To thrive, phytoplankton—the photosynthesizing organisms in the Arctic food web that support zooplankton, fish, and migratory species from Arctic terns to gray whales—need nutrients and light. Parts of the Arctic Ocean, including the Chukchi Sea and the Bering Sea, are rich in nutrients, so light was thought to be the limiting factor, says Kevin Arrigo, a biological oceanographer at Stanford University in Palo Alto, California. "The assumption in the Arctic is that nothing gets going until the ice melts … there's just not enough light under the ice."
But last year, Arrigo and his team noted a proliferation of pools of water, known as melt ponds, on the surface of the Chukchi Sea ice, which were also a few meters thinner than in past years. Thick ice reflects incoming sunlight, but the melt ponds can transmit more than 50% of the light to the waters below, promoting under-ice blooms, he says. After sampling along two 250-kilometer-long segments of sea ice running from the open water into the ice pack, the team mapped a massive green under-ice bloom that extended as much as 30 meters deep and more than 100 kilometers across.
Similar blooms likely occur in many places along the Arctic's nutrient-rich continental shelf, Arrigo says. How long these under-ice explosions of life have been going on is uncertain, he adds, because it is not year clear how closely tied the blooms are to the thinning sea ice and proliferating melt ponds caused by global climate change. But the size of the observed bloom could mean that current estimates of the rates of so-called primary production—the production of organic molecules that results from phytoplankton consuming nutrients and photosynthesizing—on the Arctic continental shelf may be as much as 10 times too low, the team reports online today in Science. And that would significantly affect scientists' understanding of the changing biogeochemistry of the Arctic, including how much carbon the region can take up.
The magnitude of the phytoplankton bloom is one of the startling findings of the study, says Walker Smith, a biological oceanographer at the Virginia Institute of Marine Science in Gloucester Point, who was not connected with the study. "There are very few places anywhere in the ocean that such a bloom is observed," Smith says. "It's very surprising, both in location and magnitude."
The implications for the food web are unclear. Changes in bloom timing might not be good news for migratory animals, such as gray whales traveling from the Gulf of California to feed in the nutrient-rich waters of the Arctic shelf. "The blooms are happening possibly weeks before the ice begins to retreat," Arrigo says. Timing, he notes, is a really important issue in the Arctic, with its short seasons. "We have no idea how this might be changing those [migratory] patterns."

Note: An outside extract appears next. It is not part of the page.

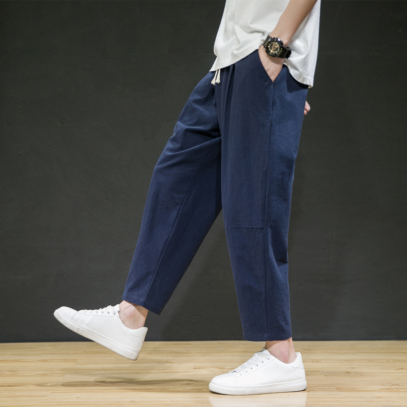 男裤 潮牌宽松灯笼裤 子夏季 日系复古休闲裤 薄 棉麻哈伦裤 亚麻九分裤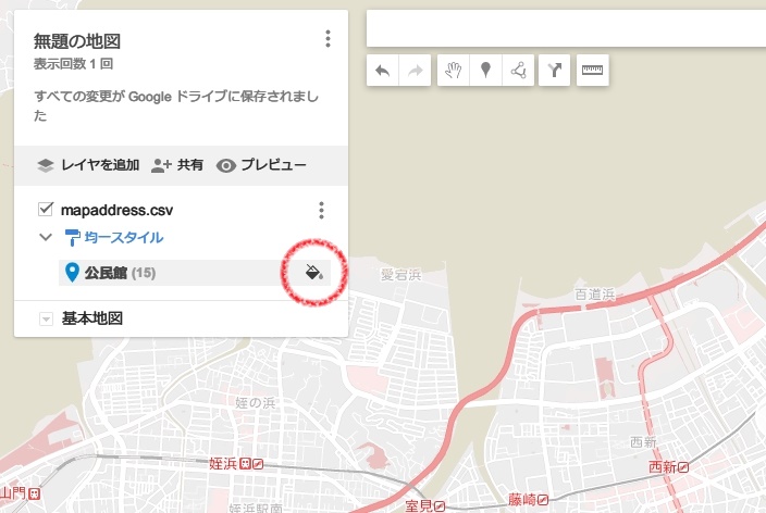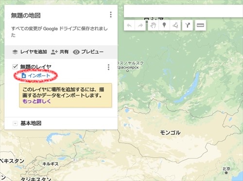 地図の編集画面に変移しますので、「無題のレイヤ」の「インポート」をクリックします。

Indeed, it's hard at this point to extrapolate the effect to the entire food web, Smith says. "It's entirely possible that it would be a disaster, and entirely possible they could adapt to this change fairly easily—most likely it's in between. The fauna tends to be smarter than we give them [sic] credit for, in terms of adaptations and acclimations which they undergo in response to changing environment."